For so many reasons, we thank God for our son, and one of the most trivial – but most fun – is that he introduces us to series we love, like The Wire, like My Name is Earl, and like True Blood..

Sookie - Anna Paquin

Sookie - Anna Paquin

You would not think True Blood is the kind of HBO drama that would appeal to seriously grown-up people like AdventureMan and me. I mean honestly, vampires have “come out of the coffin” because blood has been synthesized, and they no longer need human victims. Sounds pretty far fetched, doesn’t it? And the main character, a lovely and a little spacy waitress named Sookie, has a bad habit of overhearing other people’s thoughts . . . and then, she saves a vampire’s life and they fall in love . . . It all sounds like something we would not find interesting, doesn’t it?

True Blood is totally addictive.
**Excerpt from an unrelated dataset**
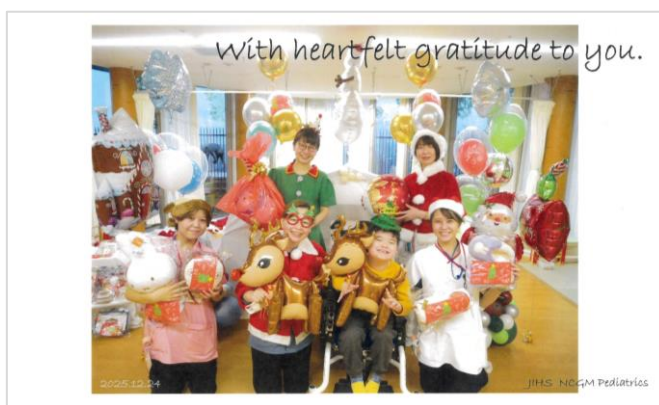
国立国際医療センター

この度はこどもたちへ心温まるクリスマスカードをお送りいただき、誠にありがとうございます。色とりどりのカードに、こどもたちは大喜び「すごーい」「かわいいね」などと笑顔で話しておりました。職員一同も、心のこもったカードに気持ちがほっこりし、感謝の気持ちでいっぱいです。（山形県立こども医療療育センター）

We watched it with our son and his wife, the way we do with other series, two or three a night. When it came time we really really really needed to go to be, we all groaned, and looked forward to the next night. The writing is that good. The series is very funny, at times gruesome, and WARNING, the sex is energetic, in-your-face and frequent. The writers are good – even great. You find yourself repeating the lines – some of the lines are totally priceless.

There are so many great pieces of writing, small jokes, funny self-deprecating humor – but our all time, hands-down favorite is when one of the waitresses talks about a fight she had with her boyfriend and says “Fine! Men always say ‘fine!’ and walk away! If every fight is going to end in ‘fine!’ why do they even bother arguing in the first place?” We totally love that line.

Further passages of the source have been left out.